フェデリコ・エストル
Federico Estol
KG+SELECTはKG+のアワード部門として2019年に始まった公募型のコンペティションです。世界中から集まったエントリーの中から、審査員の選考により選ばれた10名のアーティストが、条件を揃えた会場を与えられ、製作費の支援を受け、1ヶ月にわたり展覧会を開催します。国際的に活躍する審査員が実際の展覧会を審査し、Award受賞者を選出します。KG+SELECT Award受賞者に選出されたアーティストは、奨励金を受け、翌年のKYOTOGRAPHIEにて展覧会を開催します。

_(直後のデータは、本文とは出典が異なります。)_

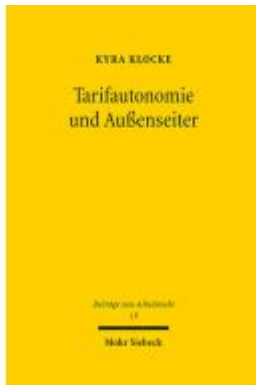
Tarifautonomie und Außenseiter Ladenpreis: 127,50EUR
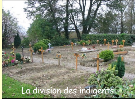
La division des indigents
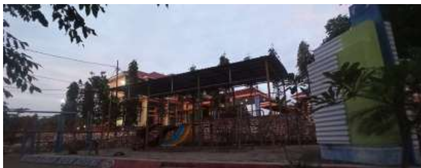
Fasilitas di Pantai Marina
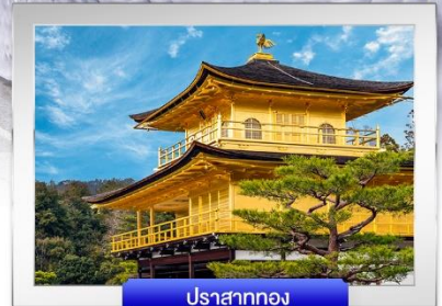
ปราสาททอง
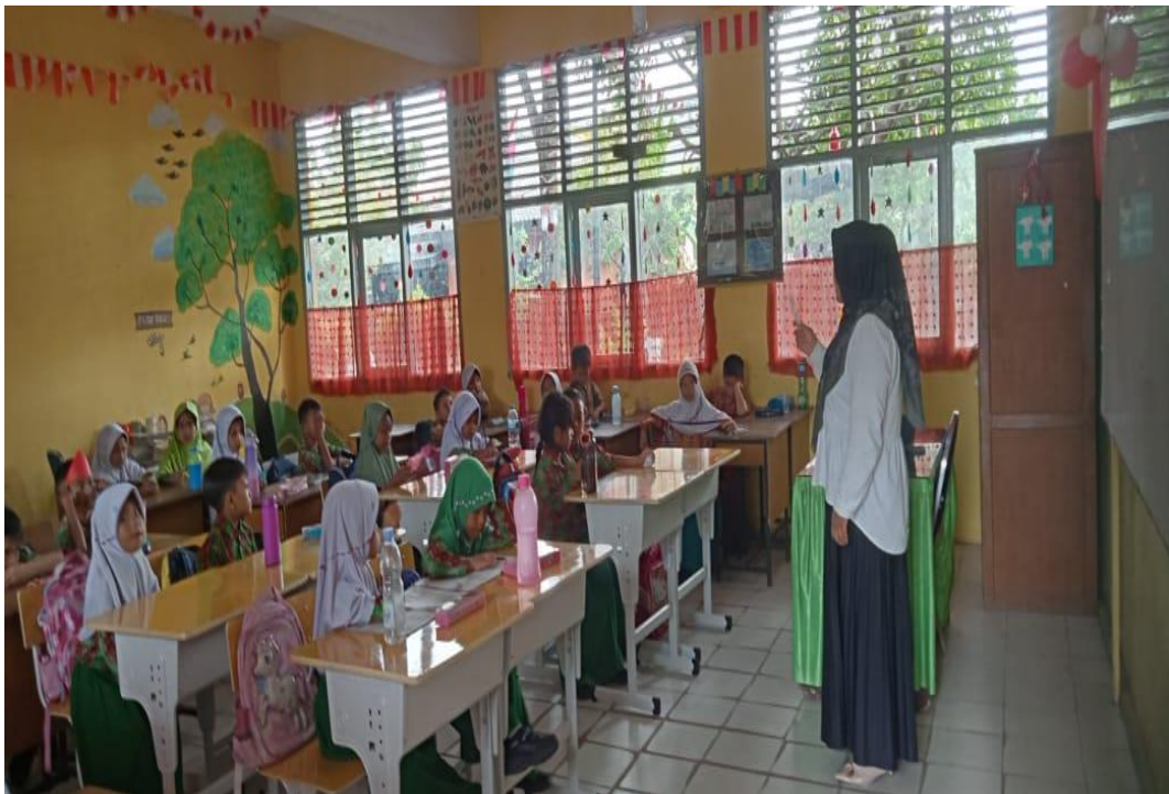
GURU PENDIDIKAN AGAMA ISLAM SEDANG PROSES BELAJAR MENGAJAR
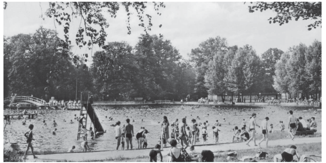
Hochbetrieb im Walkmühlenteich ca. 1963 / 64

Entgegen den Behauptungen von Pulsnitzer „ewig Besserwissenden“ war eine Schließung der „Walke“ im Stadtrat nie ein Thema! Das ehemalige Volksbad an der Mittelbacher Straße war mit der Wiedereröffnung des Walkmühlenteiches dem Verfall preisgegeben.
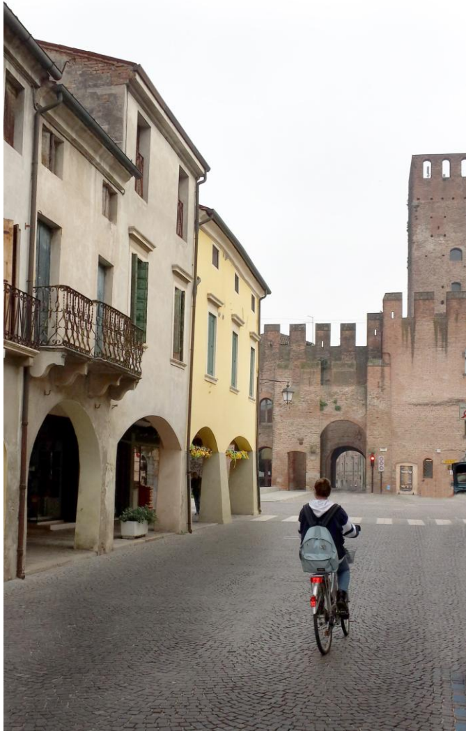
Categoria: Ricordo di Montagnana. Autore: Teresa Blandamura, Roma. Premio: Cena per due Ristorante Pizzeria Palio
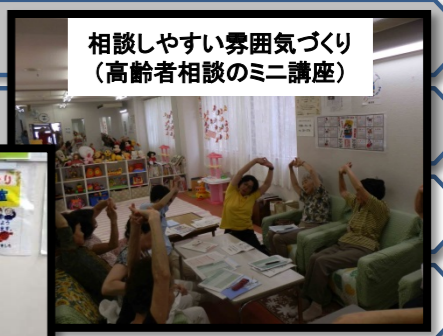
相談しやすい雰囲気づくり(高齢者相談のミニ講座)
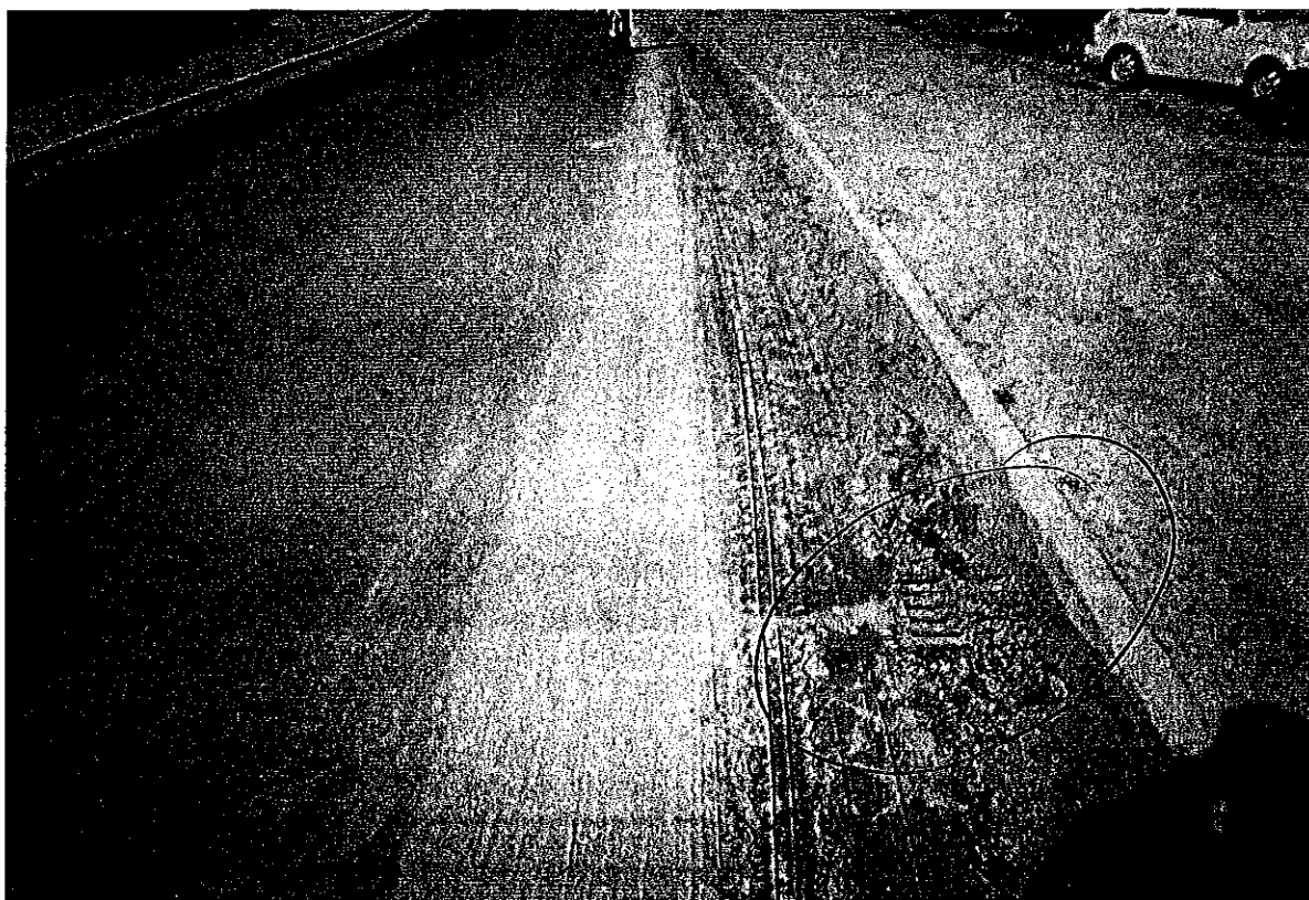
ul.Ślósarskiego - piasek - kanat (2)
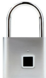
Frontansicht im Standby
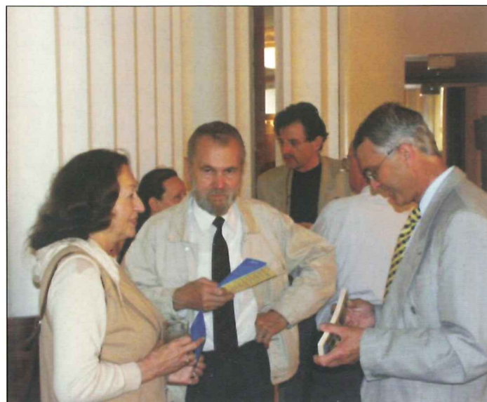
Účastníci Mezinárodního setkání spisovatelů na Radnici.
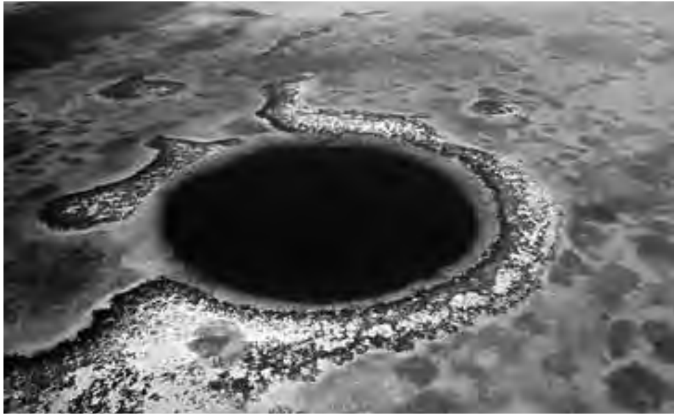
El "Gran Agujero Azul", frente a la costa de Belice (centroamérica), de 123 metros de profundidad y 300 metros de ancho.

Si de profundidades se trata, el Mar Caribe cuenta con algunos puntos destacados, entre ellos tal
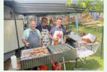
Juni 2025 - Mühlentag in Schöna u und Wildenfels - Schöna uer Mühle
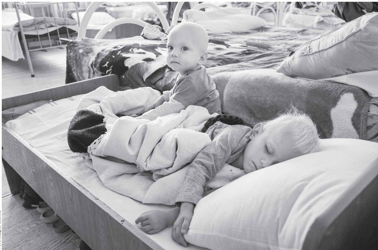
Дети в безопасности

Не все нашли в себе силы пообщаться с журналистами «Орловской правды» после перенесённого стресса.
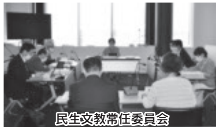
民生文教常任委員会

さまざまな媒体やメディアからも注目されるKG+SELECTは、KYOTOGRAPHIEへのステップアップを経て、さらなる飛躍を可能にする展示型アワードです。
KG+SELECT Award 2025の受賞者には、フェデリコ・エストル|Federico Estol が選出されました。

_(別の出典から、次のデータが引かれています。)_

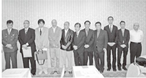
今回退任した役員
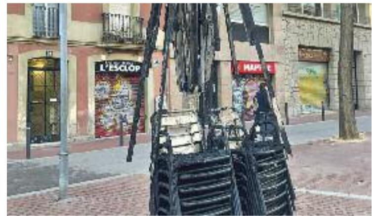
Part de la terrassa de L'Esclop cremada.
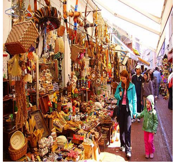
b- Amasra Çekiciler Çarşısı
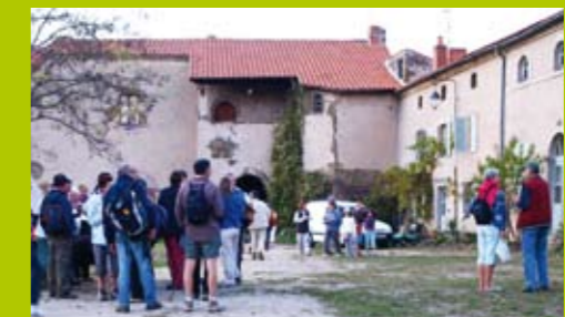
L'arrivée de la Rando des feuilles mortes, encore un grand succès sous le soleil d'automne!

Un tel travail d'animation ne se fait pas sans l'appui de tous ces membres dévoués qui gravitent autour du bureau, c'est pourquoi il ne faut pas oublier de les féliciter et de les remercier.
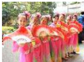
新住民組成新光舞 蹈團耀眼登場
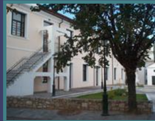
Μεταξουργείο πριν και μετά το Πρόγραμμα URBAN I
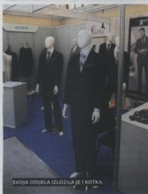
SVOJA ODJELA IZLOŽILA JE I KOTKA
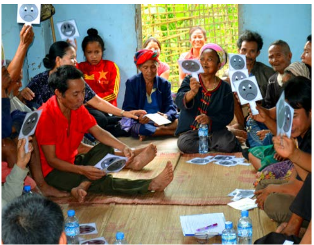
ການປະເມີນເບິ່ງສິ່ງກົດຂວາງຮ່ວມກັບຄົນພິການ ແລະ ຜູ້ລອດຊີວິດຈາກ ລບຕ ຢູ່ເມືອງເຊໂປນ ໃນເດືອນກັນຍາ 2014.

ສຳລັບວຽກໂຄສະນາສຶກສາຄວາມສູງຈາກ ລບຕ ກໍໄດ້ສືບຕໍ່ປະຕິບັດເຊັ່ນດຽວກັນໃນປີ 2015. ອົງການເຫັດໄອ ໄດ້ເຊື່ອມ
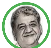
Por Jesualdo Fernández Valverde
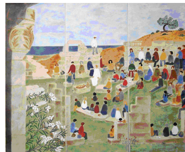
LA MULTIPLICATION DES PAINS

Les trois évangélistes Matthieu, Marc et Luc parlent souvent de miracles devant les gestes que Jésus pose ; Jean, comme dans l'Évangile d'aujourd'hui, parle lui de signe . Mais la foule d'aujourd'hui, dans le Discours sur le Pain de Vie qui va séparer ceux qui croient en Jésus et ceux qui s'y oppose, en reste au miracle ; elle en veut encore, elle n'est jamais rassasiée.
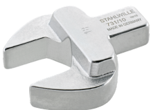
58211009 Maul- Einsteckwerkzeug
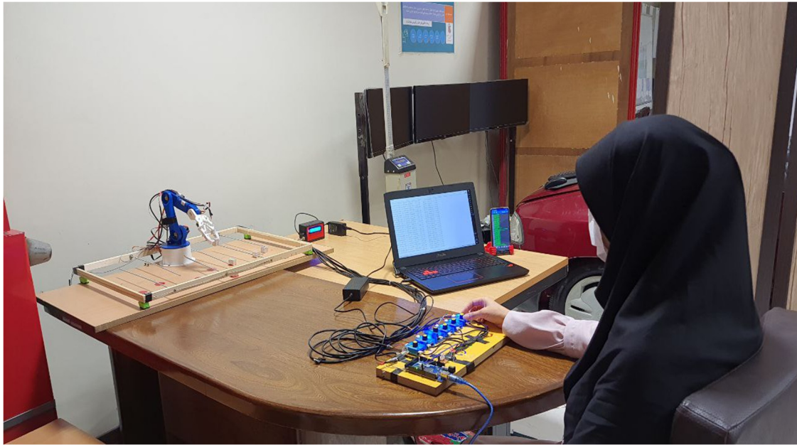
شکل ۲. ایستگاه کار هدایت بازوی رباتیک

گرفته و به محلول سدیم کلراید ۰,۹ درصد آغشته شدند تا ضمن افزایش رسانایی الکتریکی، مقاومت الکتریکی و عوارض جانبی ناشی از جریان کاهش یابد. بعد از قرار دادن پدها و پیش از اعمال تحریک، تست مقاومت جهت حصول اطمینان از اتصال الکترودها و شدت مناسب جریان عبوری انجام شد. در گروه مداخله، الکترودها با ابعاد ۵ * ۵ به عنوان الکترودهای فعال بر روی قشر حرکتی اولیه ی سمت چپ (C۳) و الکترودهای کاتد با ابعاد ۷ * ۵ به عنوان الکترودهای مرجع بر روی قسمت سوپرااوربیتال سمت راست (Fp۲) قرار گرفته و با استفاده از نوارهای کشی در مکان خود ثابت شدند. سپس جریان مستقیم ۲ میلی آمپر به مدت ۲۰ دقیقه برای آزمودنی اعمال شد. مدت زمان افزایش و کاهش تدریجی جریان در ابتدا و انتهای تحریک ۶۰ ثانیه بود. در این پروتکل تحریک یک بار انجام می شد. در گروه کنترل، مکان قرارگیری الکترودها مانند گروه مداخله بود با این تفاوت که به سبب همانند سازی ادراکات پوستی مانند خارش و سوزن سوزن شدن مرتبط با تغییر جریان و کورسازی آزمودنی ها از نوع تحریک دریافتی، جریان الکتریکی به تدریج در طول ۶۰ ثانیه ی اول وارد می شد اما در طول آزمایش جریانی اعمال نمی شد. در طول جلسات آزمودنی ها در هر دو گروه مداخله و کنترل از نوع تحریک دریافتی بی اطلاع بودند.
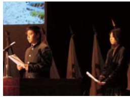
「源流の竹林を整備し竹炭を作り、河川浄化に活用する取り組み」 福岡県立嘉穂総合高校 大隈城山校 生徒代表
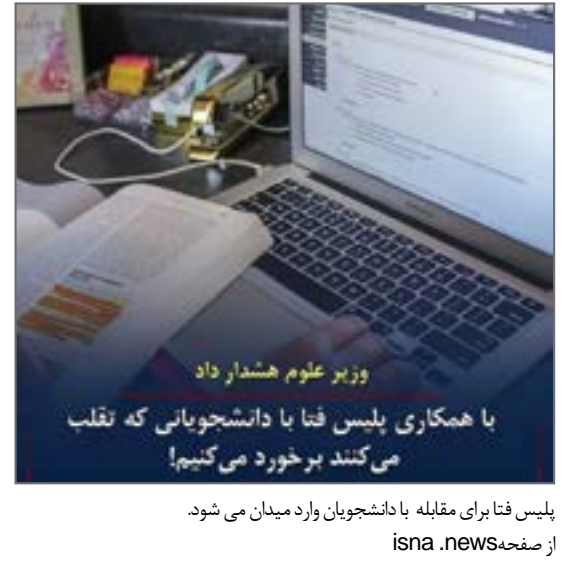
پلیس فتا برای مقابله با دانشجویان وارد میدان می شود.
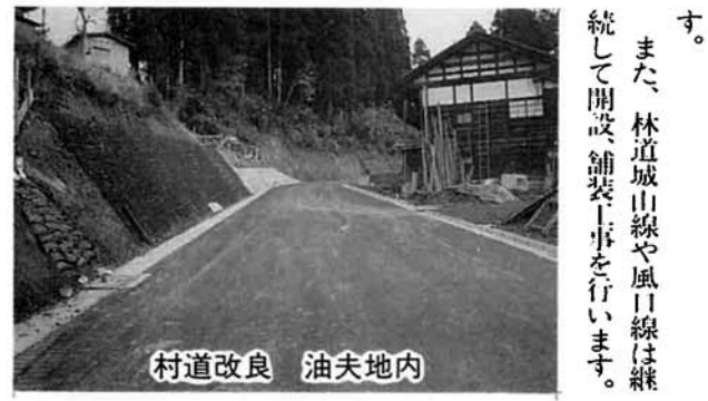
村道改良 油夫地内

国・県道の改良促進については今後も積極的に働きかけを行うことは当然ですが、村道関係においては、改良六線計七〇〇m、舗装六線計、一〇〇〇mをはじめ、維持補修工事費を計上しました。また、除雪能力のアップを図るため、ロータリー除雪車や圧雪車を更新するほか、除雪体制の強化を図るため、引き続き業者委託を行います。前年度、中途から創設した、通勤用車両の駐車場(五百以上)確保に対する助成も引き続き行います。

フェデリコ氏は2026年のKYOTOGRAPHIEにて、メインプログラムの一つとして展覧会が開催されます。
フェデリコ・エストル
Federico Estol
ラパスやエル・アルト近郊には、毎日3,000人の靴磨き職人が客を求めて街に繰り出している。彼らを特徴づけているのは、周囲に気づかれないように付けているスキーマスクだ。近所では、彼らが靴磨きの仕事をしていることは誰も知らない。学校ではその事実を隠し、エル・アルトから街の中心部へ向かうときは、家族でさえ違う仕事をしていると信じている。マスクは彼らの最強のアイデンティティであり、彼らを見えなくするのと同時に団結させる。この集団的な匿名性が、他の社会と対峙する際に彼らをより強くし、仕事によって被る排除に対する彼らの抵抗になっている。

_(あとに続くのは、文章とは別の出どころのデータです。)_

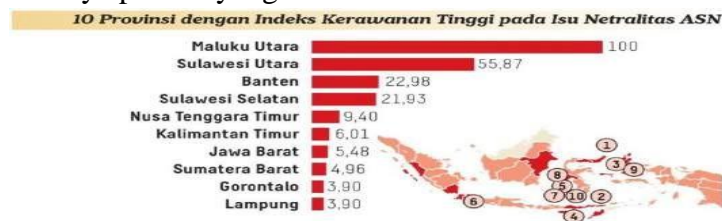
Gambar 1. Provinsi dengan indeks kerawanan tinggi pada isu netralitas ASN. 7

Politik praktis membuat kasus ketidaknetralan pada ASN selalu terjadi dalam setiap pemilihan seperti pada Pemilu 2019 terdapat 990 kasus dan pada tahun 2020 terdapat 727 kasus. 4 Isu netralitas ini kembali terjadi pula pada Pemilu 2024 dengan total 197 ASN yang terbukti melanggar dan mendapat rekomendasi penjatuhan sanksi oleh Komisi Aparatur Sipil Negara (KASN). 5 Kondisi demikian, menyebabkan tidak efektifnya penyelenggaraan pemilu yang bebas dan berkeadilan yang sebagaimana indikator terlaksananya pemilu yang berkualitas. 6
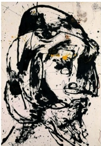
Jackson Pollock, Portrait n°7 1952, émail et huile sur toile 134.9 x 101.6 cm

vocabulaire : geste pictural, trace, matérialité, corps dans/de l'œuvre, posture, expressivité, spontanéité ?
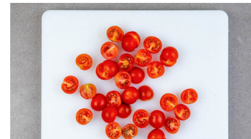
3. Tomaten schneiden

Die Pasta mit dem Pesto und Pastawasser vermengen, nach Bedarf noch etwas mehr Wasser hinzufügen.
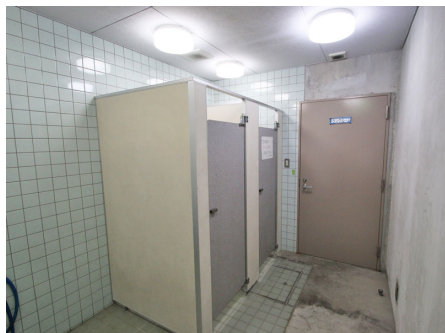
共用シャワールーム
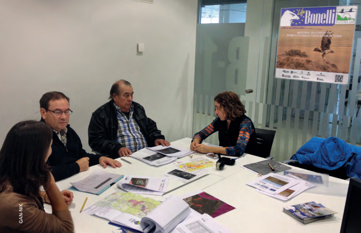
Figura 2.- Reunión de trabajo de técnicos ambientales y de caza, con asociaciones de cazadores.

mayoría criados en cautividad o cedidos por los centros de recuperación de fauna silvestre. También es objeto del proyecto, restaurar hábitats de calidad para la especie y seguir trabajando para minimizar los riesgos que la amenazan.
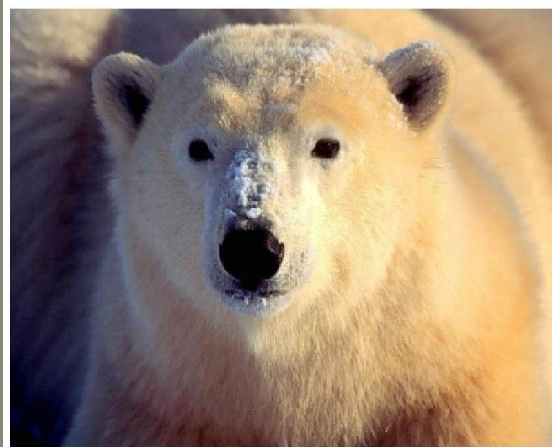
вид ведмідь білий
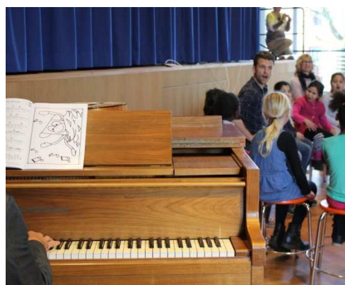
Musikalische Sprachlernförderung durch Musikpädagogen
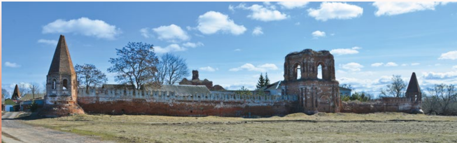
Севский Спасо-Преображенский женский монастырь — уникальный памятник архитектуры XVIII века

В советское время были марки, я приходил к маме и говорил, дай 15 копеек, мы на памятники сдаем. И это отложилось с детства, что я участвовал в реставрации разрушенных объектов. Смотрите, как просто и полезно. Здесь и воспитание детей, и реальная помощь.

私は3年間、靴磨き職人の新聞「Hormigón Armado」の関係者である60人の靴磨き職人とコラボレーションをしてきた。一連のワークショップで、私たちはエル・アルトのネオ・アンデス建築を背景に、グラフィック・ノベルのシーンを計画した。この過程で、シャイン・ヒーローたちは、社会的汚名に抗議するフォト・エッセイの制作者であると同時に主人公にもなった。今日、このグループは、靴磨き職人として働くよりも、このプロジェクトの写真集とポストカードの販売でより多くの収入を得ている。これは、差別を闘争と生存の物語に変えるフィクションの可能性を示しており、最終的には社会的統合を促進する一助となるだろう。